CNBC : Online housing searches indicate bounce

CNBC's Jane Wells is reporting that Internet data miners indicate the online search queries for "homes for sale" is up 42%, suggesting that the housing market is poised to pick up.

The reader who e-mailed me this article suggests maybe that the opposite is true. People are searching to see what homes are listed for in their neighborhood to gauge possible list prices.

According to some Internet data miners, online search queries could be a better economic indicator.

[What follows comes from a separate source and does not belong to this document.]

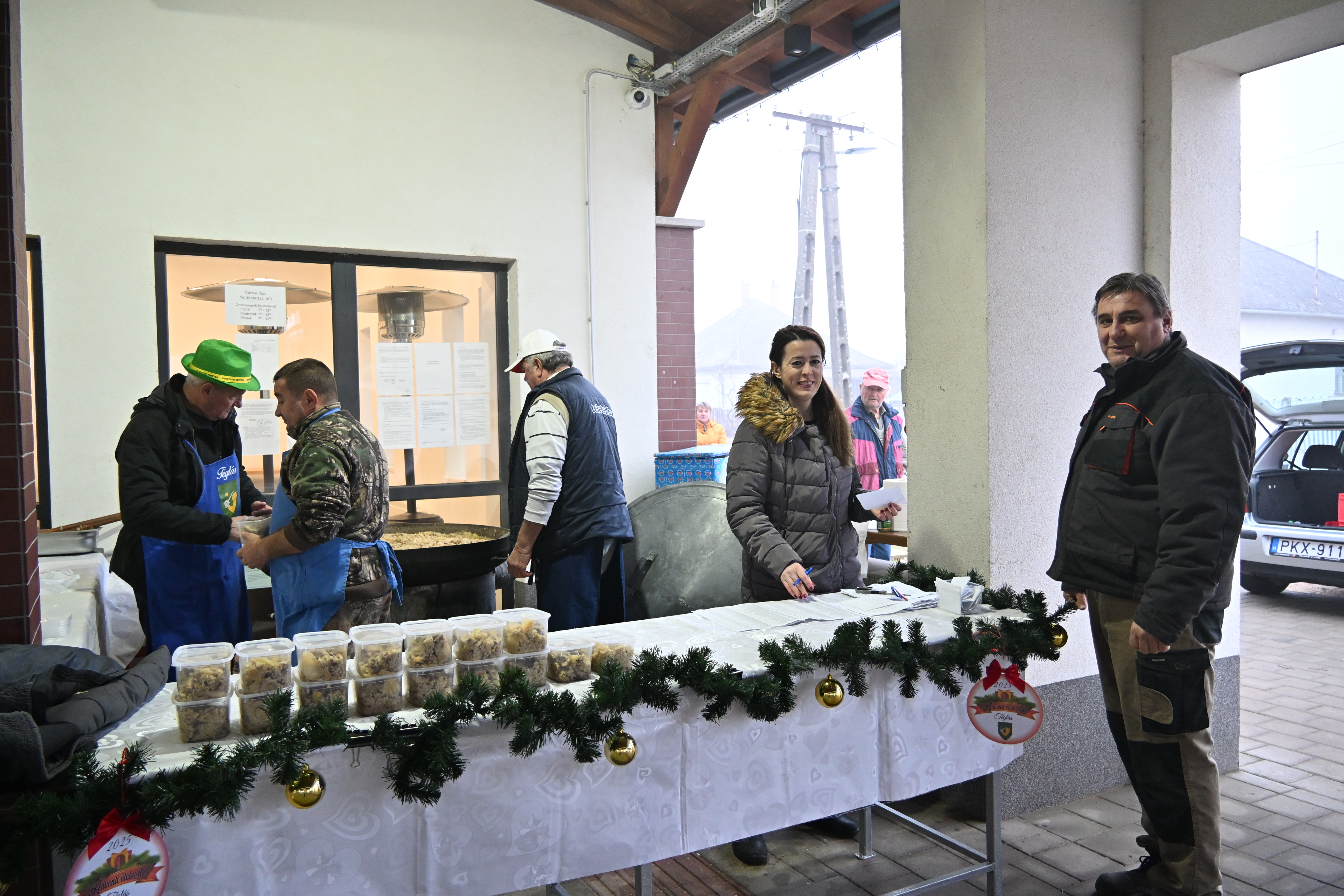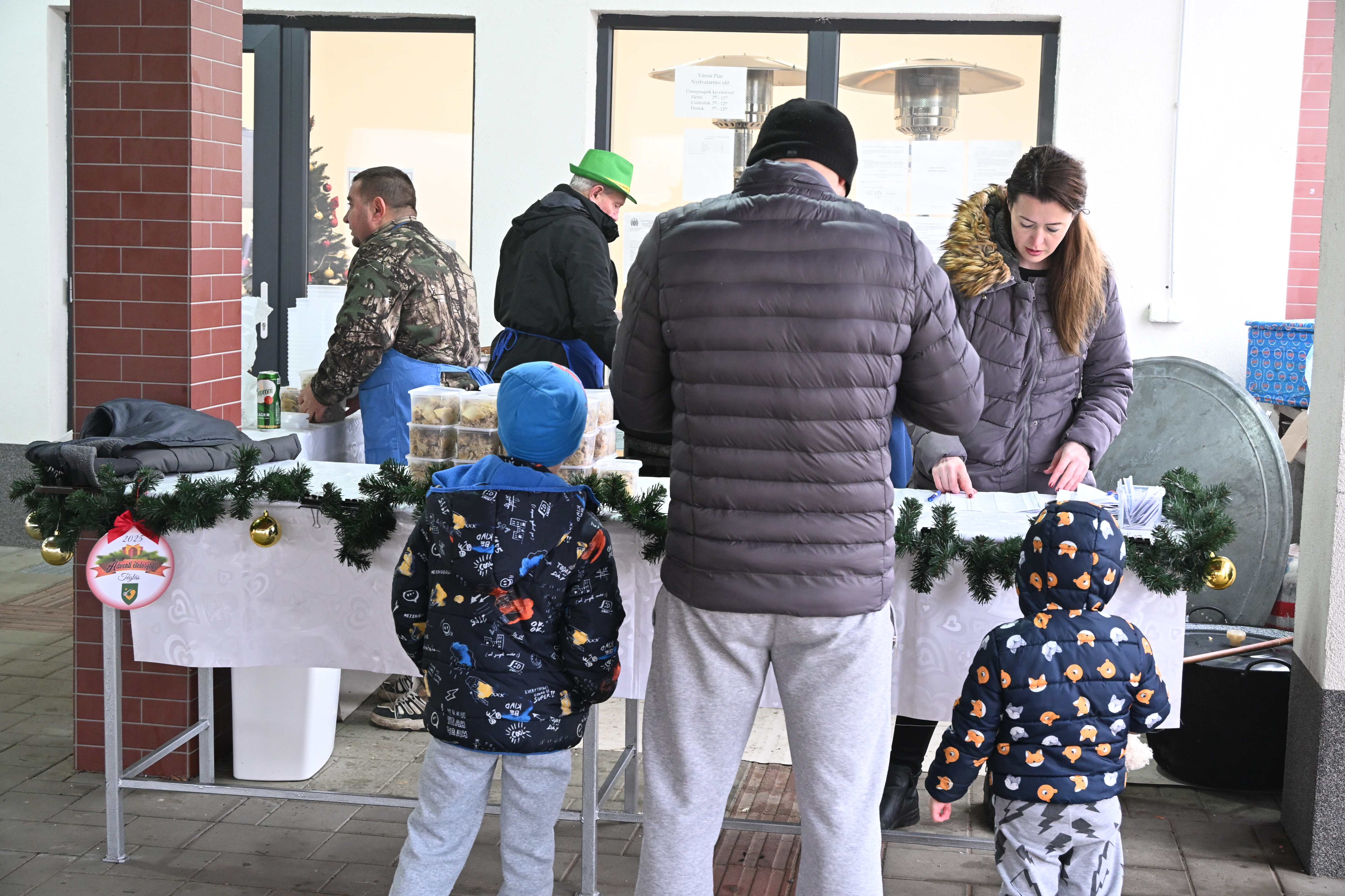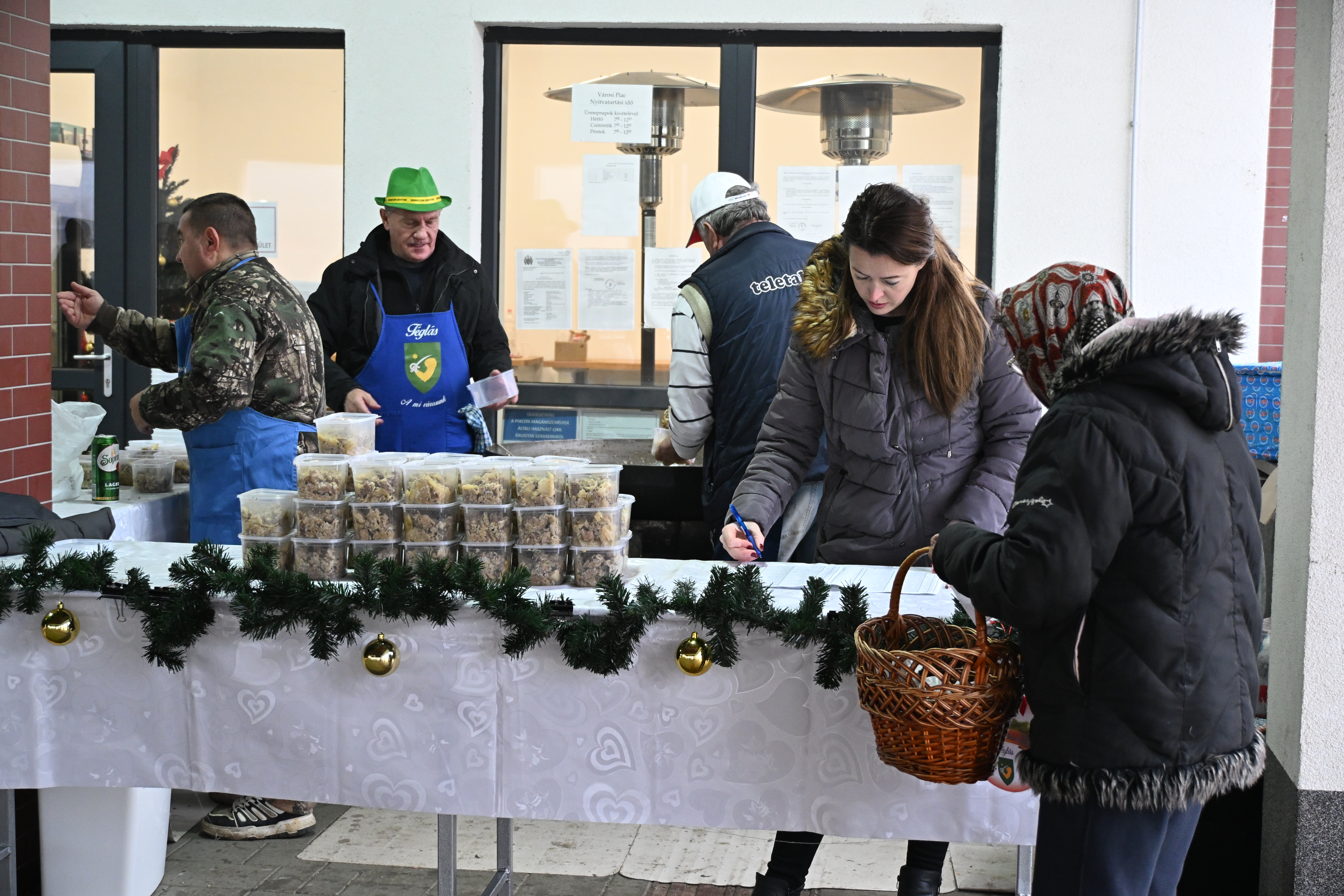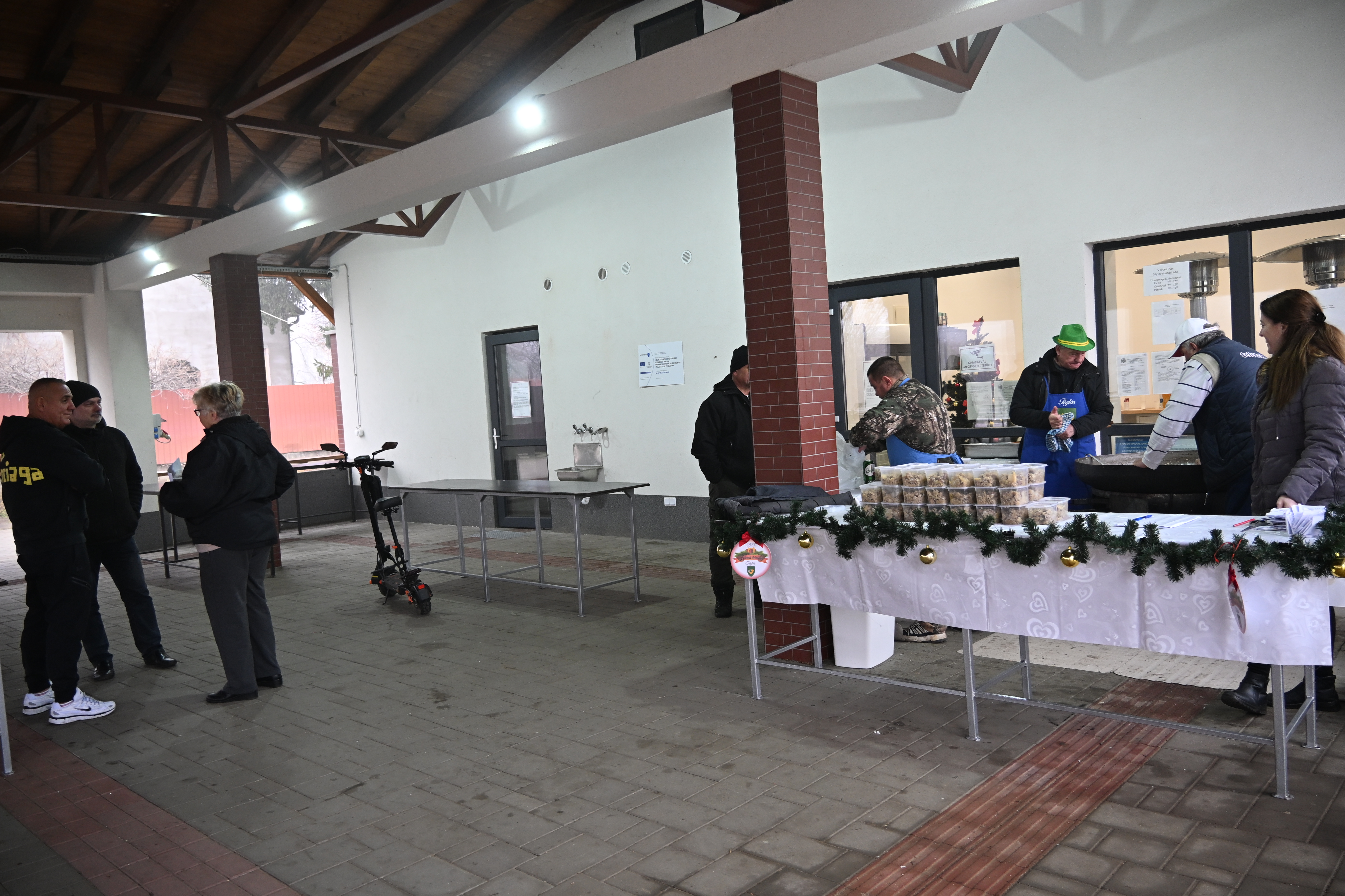2025. december 13-án szombaton 250 adag Babgulyást osztottunk szét, az Itt és Most Egyesület Téglási Konyhája felajánlásából. A Sigér Klán Kft. pedig 250 db buktát ajánlott fel.

Over the past five weeks, there's been a 42% increase in the number of Internet searches involving the phrase "homes for sale," according to Hitwise, a firm which measures Web traffic.
I for one hope that the market continues on it's track in the Puget Sound region, but my sense is that this Fall will be an indicator of where the market will go. Thing is, I thought that to be the case last year. So,what do I know?

6 comments:

David Aldrich said...

I'd be willing to bet that on-line seaches for [insert stock or mutual fund symbol] were up 42% in early 2000. Did that indicate a bounce?

Anonymous said...

Just some anecdotal evidence :

I've been telling anyone who would listen, since last winter, to get a free Zip account and watch DOM's increases and price reductions.

Last winter and spring hardly anyone took me up on that. They just didn't believe it was actually happening.

But now that the evidence is mounting and word's getting out about the turning market, more people are geting those accounts and watching the market.

It's giving a lot of would-be buyers hope to watch it fall.

Anonymous said...

Just signed up and did a search of listings with price reductions in Ballard (zip 98117). 77 listings...

plymster said...

So by checking the market to watch it fall, people are using this as an indicator that buyers are itching to buy?

It's like Schrodinger's cat. Buyers exist and don't exist at the same time.

Anonymous said...

You can tell they're getting desperate when they're resorting to stats like this. When it goes from "homes closed" to "homes shown" to "homes asked about on the internet" you know things are bad.

Anonymous said...

This sort of deduction is simply someone "guessing" what a given set of statistics might mean and reading their own bias into it.

This sort of thing is especially rampant in "medical news". How many times have you seen some medical story that follows this "formula"?

"Researchers in [fill in blank] found that out of [fill in blank] people who [fill in the blank], [fill in the blank] percent of these people had [fill in the blank]. Therefore, researchers think that [fill in the blank].

Then another study comes out the following week to prove exactly the opposite!!

No hard science here. Just hit and miss guessing.

Gives the word "speculation" yet another negative connotation.